Clean up the cpusets like so:
sudo cset set -d dedicated
sudo cset set -d system
In this assignment, you must use Method b), which is much more flexible, in order to report
your observations when changing such Scheduling-critical parameters for running Tasks. You will
develop a Program that creates a user-controlled number of Threads that will each be doing busy-
work, and you will examine the comparative behavior of manipulating just one of the Threads with
respect to its Scheduling properties and Affinity.

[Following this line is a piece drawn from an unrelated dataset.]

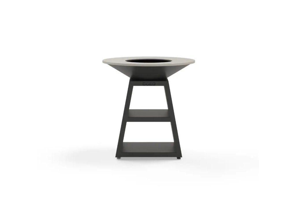 - Skloněná kruhová plancha: spád ke středu ohniště. Bez obroučky se šňůrou pro údržbu ohniště. Vyhovující pro styk s potravinami.

You can implement further fine-grained control of the Scheduler using various settings. You
are not required to tweak any of the settings mentioned in the linked documentation, but it is
noteworthy how certain principles seem to violate the Policies discussed earlier (e.g.
sched_rt_runtime_us).
General Directions:
Name your program sched.c . You will turn in C code for this. This program is very similar to what
you wrote for assignment 2, so if you were confused then, please go to office hours and ask
questions! Locking is required and should not be indicated by the commandline arguments,
unlike in assignment 2. To build a program with pthread support, you need to provide the
following flags to gcc: -pthread
You will need the following struct declaration in your code (it can be declared in sched.c):
typedef struct _thread_data_t {
int localTid;
const int *data;
int numVals;
pthread_mutex_t *lock;
long long int *totalSum;
} thread_data_t;
You will need to write a minimum of the following functions (you may implement additional
functions as you see fit):
➢ main
Input Params: int argc, char* argv[]
Output: int
Functionality: It will parse your command line arguments (./sched 4), and check that 2
arguments have been provided (executable, number of Threads to use). If 2 arguments aren't
provided, main should tell the user that there aren't enough parameters, and then return -1.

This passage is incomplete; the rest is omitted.